Work required :: An exact copy of every entry is needed, with no images.

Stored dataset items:
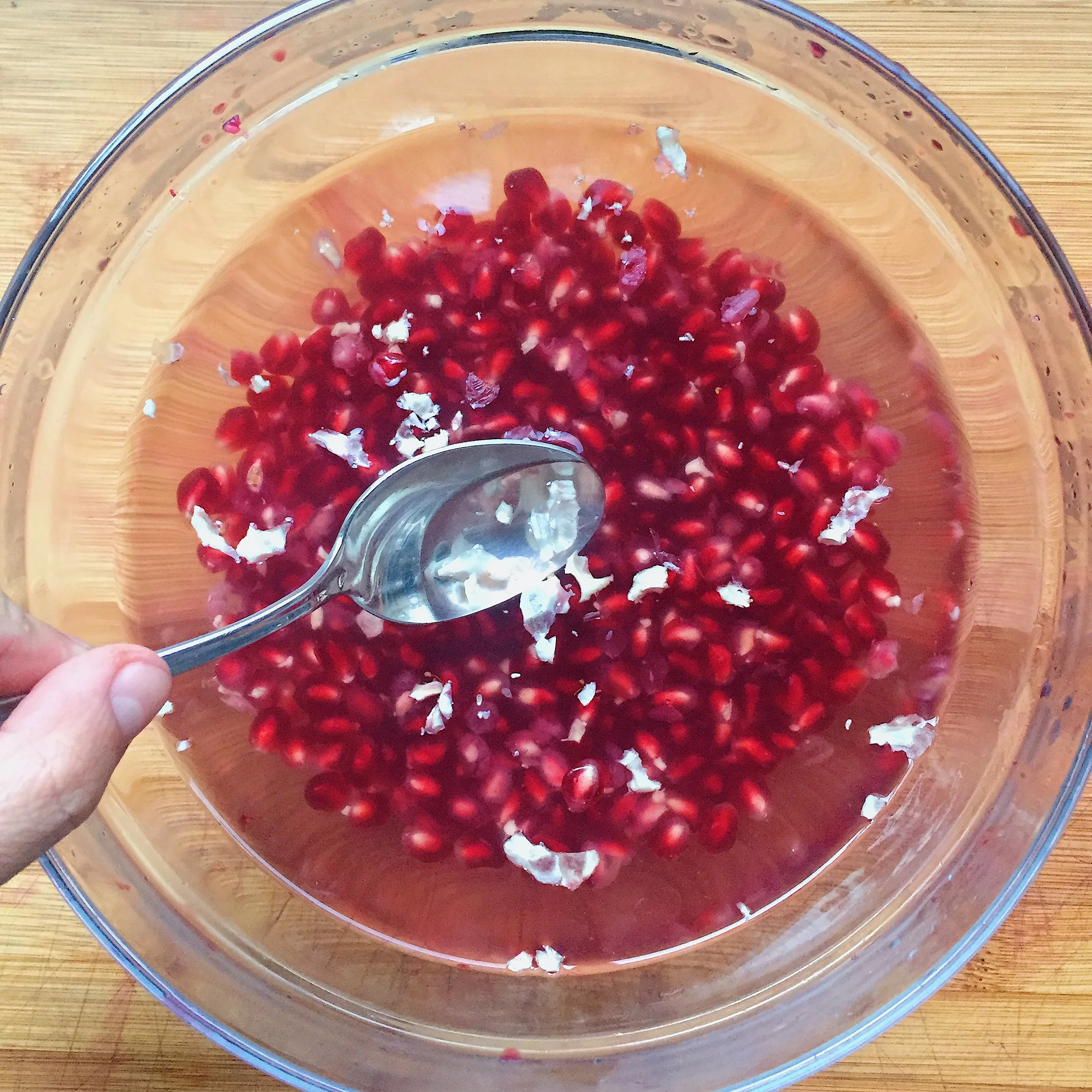 the membrane can be a sticky little bugger so even after you have removed all the seeds, there is usually some still floating around. fill your bowl of seeds with water and run your fingers through the seeds to release them from any remaining membrane. let the seeds settle and the remaining membrane will float to the top.
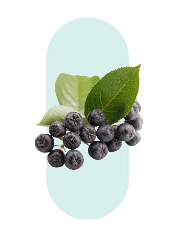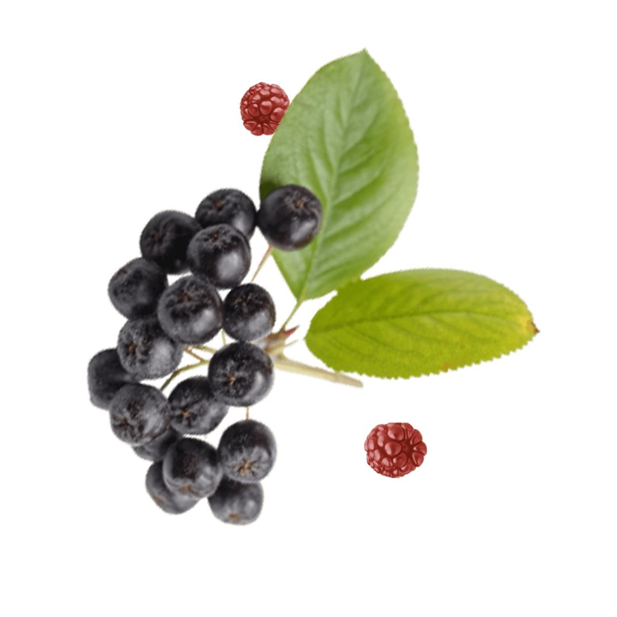Les fruits rouges, aronia et mûre, apportent des polyphénols.
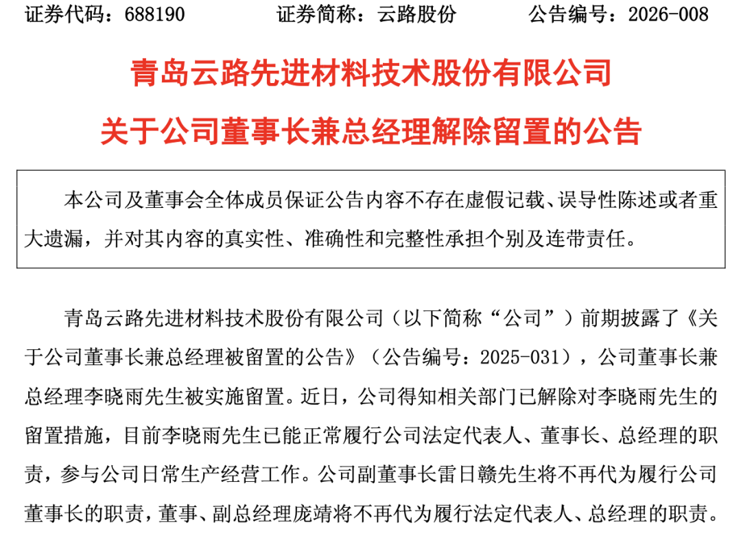 2月8日,云路股份(688190)公告,近日,公司得知相关部门已解除对李晓雨的留置措施,目前李晓雨已能正常履行公司法定代表人、董事长、总经理的职责,参与公司日常生产经营工作。
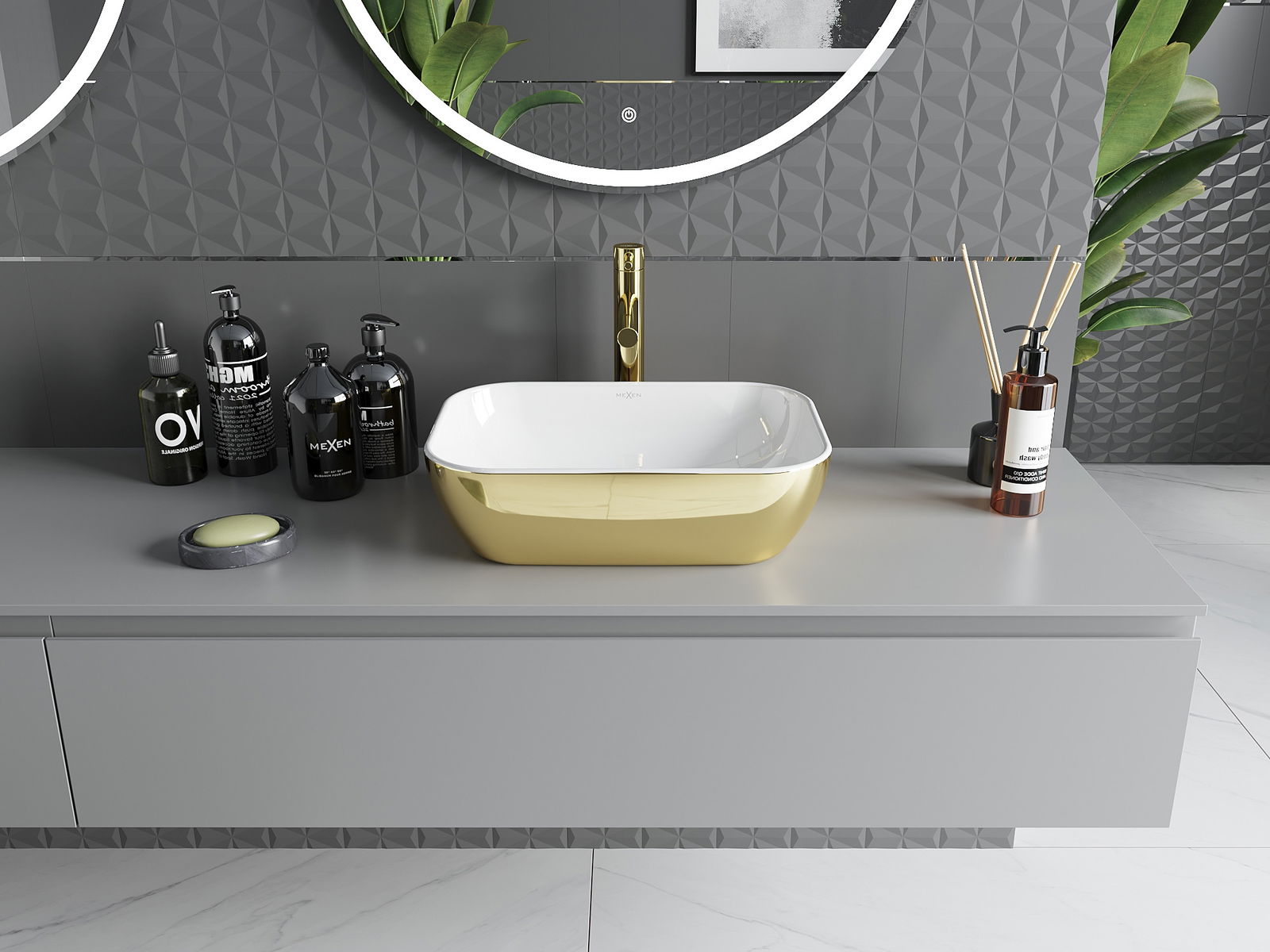 Mexen Rita lavabo à poser 45 x 32 cm, blanc/doré - 21084506
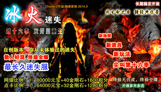 版本为冰火迷失独家所有——2014。若在游戏中有什么疑问或问题可以给GM留言 |
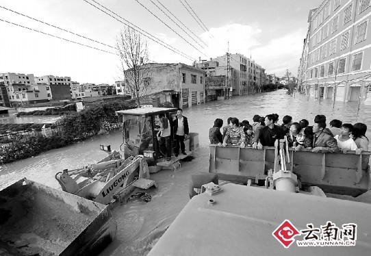 大水淹沒馬龍縣城的主街道之后,要進入城區(qū),又高又大的裝載機成了唯一的交通工具,也成了輪渡公交,城里地勢較高的地方成了碼頭。坐上這些裝載機,災(zāi)民們從城內(nèi)紛紛撤了出來……昨天,副省長孔垂柱到達馬龍考察災(zāi)情時,同樣是站在了裝載機上。而本報記者也一同爬上裝載機,一路進入城區(qū)。
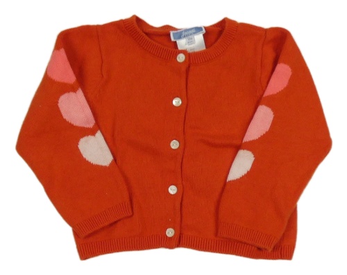 Červený vlněný propínací svetr se srdíčky Jacadi
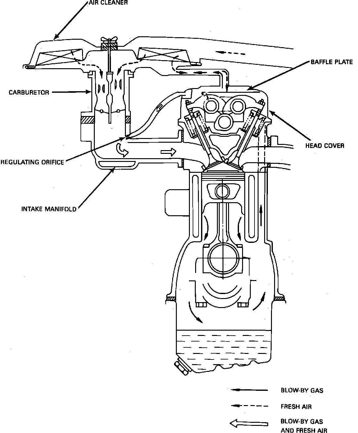 The regulating orifice controls blow-by gas suction. Under normal operating conditions, blow-by gas passing between the piston and the cylinder wall is mixed in the engine with fresh air from the air cleaner. The baffle plate, mounted in the head cover, separates oil particles from the blow-by gas. The blow-by gas is then drawn through the regulating orifice into the intake manifold to be reburned in the combustion chamber. With the engine operating at maximum speed, intake manifold negative pressure will not be sufficient to handle all of the blow-by gas. Some of the gas will be drawn into the air cleaner, through the rear end of the head cover.
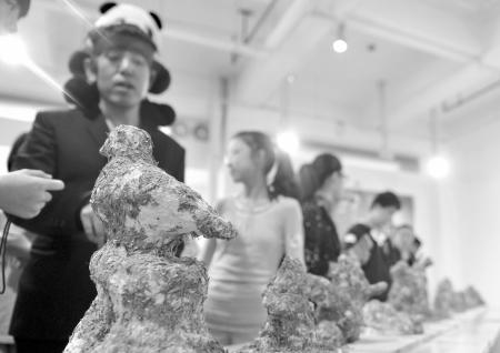 用10多公斤熊猫大便制成的17件雕塑作品昨日亮相
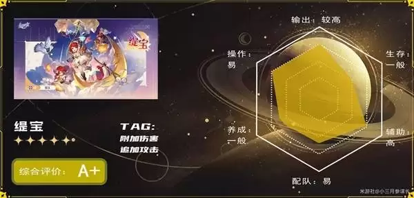 泛用性极高的全能辅助角色,核心优势在于能辅助主C进行一定补刀输出,并提供以真实伤害为媒介的独立增伤乘区。缇宝尤其适配攻击频率高或具备优秀对群能力的角色(满足其一即可),覆盖场景广泛,可以作为一块优秀的通用拼图灵活嵌入多种队伍构建中。
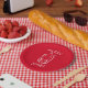 Merry Xmas with a festive and sparkling shot glass on a red and white paper plates.
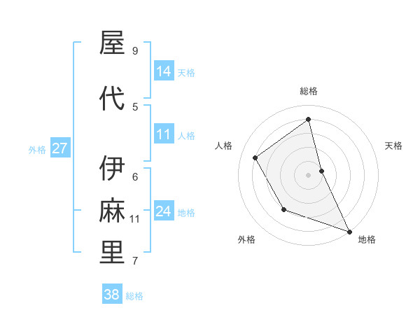 屋代 伊麻里さんの総格は38画の4点!
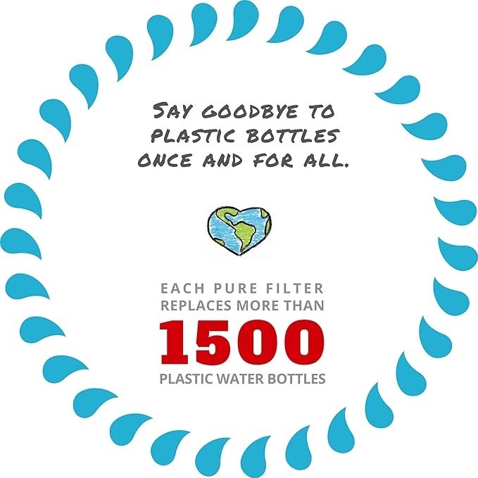 - Eco-friendly and cost-effective solution: Each filter purifies 150 gallons (568 liters) of water, drastically reducing the need for single-use plastic bottles and saving money in the long run. Our filters are 100% recyclable through our recycling program, further minimizing environmental impact.
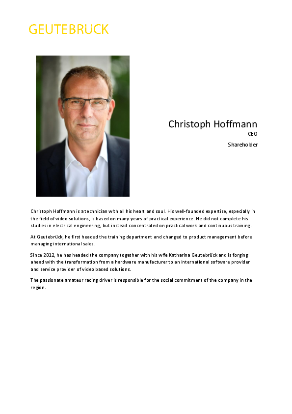 Christoph Hoffmann CEO Shareholder Christoph Hoffmann is a technician with all his heart and soul. His well-founded expertise, especially in the field of video solutions, is based on many years of…

Answer space ::
 the membrane can be a sticky little bugger so even after you have removed all the seeds, there is usually some still floating around. fill your bowl of seeds with water and run your fingers through the seeds to release them from any remaining membrane. let the seeds settle and the remaining membrane will float to the top.
Les fruits rouges, aronia et mûre, apportent des polyphénols.
 2月8日,云路股份(688190)公告,近日,公司得知相关部门已解除对李晓雨的留置措施,目前李晓雨已能正常履行公司法定代表人、董事长、总经理的职责,参与公司日常生产经营工作。
 Mexen Rita lavabo à poser 45 x 32 cm, blanc/doré - 21084506
 版本为冰火迷失独家所有——2014。若在游戏中有什么疑问或问题可以给GM留言 |
 大水淹沒馬龍縣城的主街道之后,要進入城區(qū),又高又大的裝載機成了唯一的交通工具,也成了輪渡公交,城里地勢較高的地方成了碼頭。坐上這些裝載機,災(zāi)民們從城內(nèi)紛紛撤了出來……昨天,副省長孔垂柱到達馬龍考察災(zāi)情時,同樣是站在了裝載機上。而本報記者也一同爬上裝載機,一路進入城區(qū)。
 Červený vlněný propínací svetr se srdíčky Jacadi
 The regulating orifice controls blow-by gas suction. Under normal operating conditions, blow-by gas passing between the piston and the cylinder wall is mixed in the engine with fresh air from the air cleaner. The baffle plate, mounted in the head cover, separates oil particles from the blow-by gas. The blow-by gas is then drawn through the regulating orifice into the intake manifold to be reburned in the combustion chamber. With the engine operating at maximum speed, intake manifold negative pressure will not be sufficient to handle all of the blow-by gas. Some of the gas will be drawn into the air cleaner, through the rear end of the head cover.
 用10多公斤熊猫大便制成的17件雕塑作品昨日亮相
 泛用性极高的全能辅助角色,核心优势在于能辅助主C进行一定补刀输出,并提供以真实伤害为媒介的独立增伤乘区。缇宝尤其适配攻击频率高或具备优秀对群能力的角色(满足其一即可),覆盖场景广泛,可以作为一块优秀的通用拼图灵活嵌入多种队伍构建中。
 Merry Xmas with a festive and sparkling shot glass on a red and white paper plates.
 屋代 伊麻里さんの総格は38画の4点!
 - Eco-friendly and cost-effective solution: Each filter purifies 150 gallons (568 liters) of water, drastically reducing the need for single-use plastic bottles and saving money in the long run. Our filters are 100% recyclable through our recycling program, further minimizing environmental impact.
 Christoph Hoffmann CEO Shareholder Christoph Hoffmann is a technician with all his heart and soul. His well-founded expertise, especially in the field of video solutions, is based on many years of…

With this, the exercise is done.